• _Source material_:
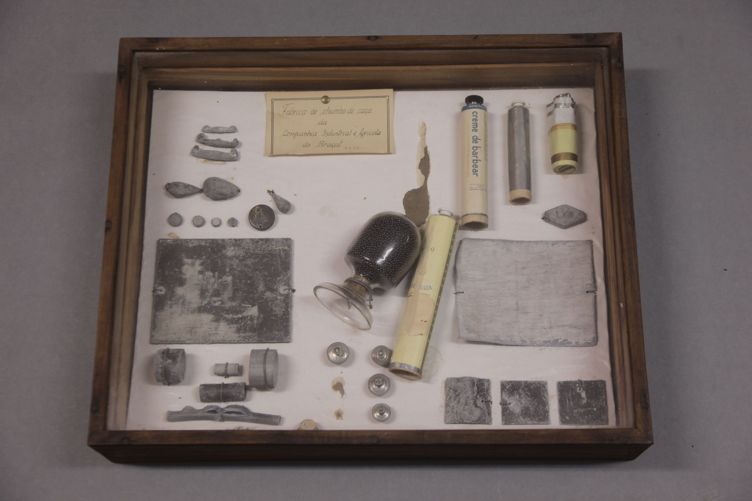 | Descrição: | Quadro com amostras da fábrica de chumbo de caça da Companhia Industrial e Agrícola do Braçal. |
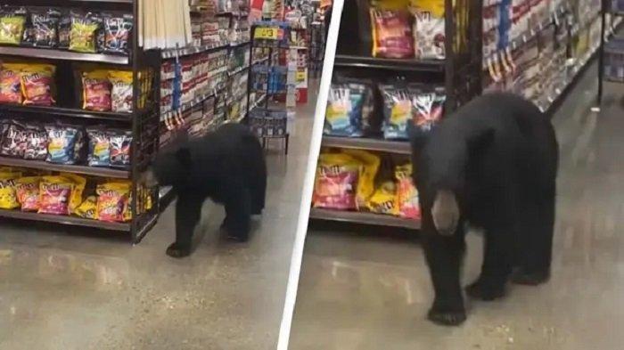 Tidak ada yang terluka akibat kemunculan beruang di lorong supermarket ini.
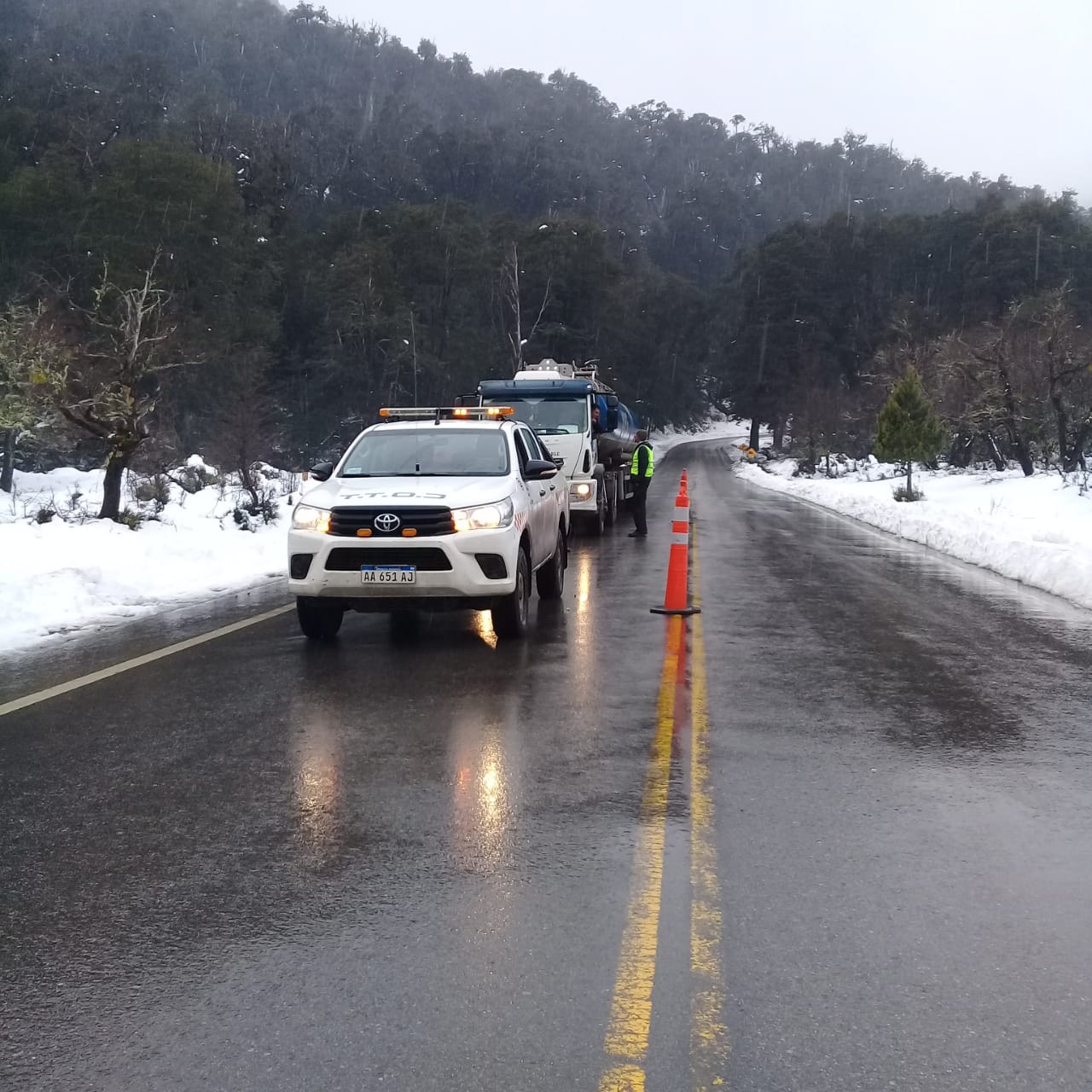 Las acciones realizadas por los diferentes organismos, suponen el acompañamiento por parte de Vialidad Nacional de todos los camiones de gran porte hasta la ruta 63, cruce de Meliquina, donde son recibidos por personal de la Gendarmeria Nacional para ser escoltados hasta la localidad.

* * *

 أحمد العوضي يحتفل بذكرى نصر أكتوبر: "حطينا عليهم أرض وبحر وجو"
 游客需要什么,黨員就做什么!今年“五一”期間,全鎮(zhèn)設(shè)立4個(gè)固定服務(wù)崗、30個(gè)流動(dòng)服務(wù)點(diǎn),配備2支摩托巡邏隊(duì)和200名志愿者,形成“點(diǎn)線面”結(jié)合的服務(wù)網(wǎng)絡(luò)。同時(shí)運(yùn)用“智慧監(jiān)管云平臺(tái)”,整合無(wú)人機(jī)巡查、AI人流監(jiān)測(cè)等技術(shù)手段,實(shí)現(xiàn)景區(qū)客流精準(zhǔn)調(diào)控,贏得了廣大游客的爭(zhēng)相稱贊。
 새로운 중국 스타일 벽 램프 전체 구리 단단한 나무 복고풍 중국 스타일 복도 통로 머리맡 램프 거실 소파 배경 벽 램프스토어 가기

• _Task goal_: With the pictures omitted, copy the entries above exactly from the line containing "do Braçal. |" through the line containing "Las acciones realizadas", both lines included.

• _Response_:
 | Descrição: | Quadro com amostras da fábrica de chumbo de caça da Companhia Industrial e Agrícola do Braçal. |
 Tidak ada yang terluka akibat kemunculan beruang di lorong supermarket ini.
 Las acciones realizadas por los diferentes organismos, suponen el acompañamiento por parte de Vialidad Nacional de todos los camiones de gran porte hasta la ruta 63, cruce de Meliquina, donde son recibidos por personal de la Gendarmeria Nacional para ser escoltados hasta la localidad.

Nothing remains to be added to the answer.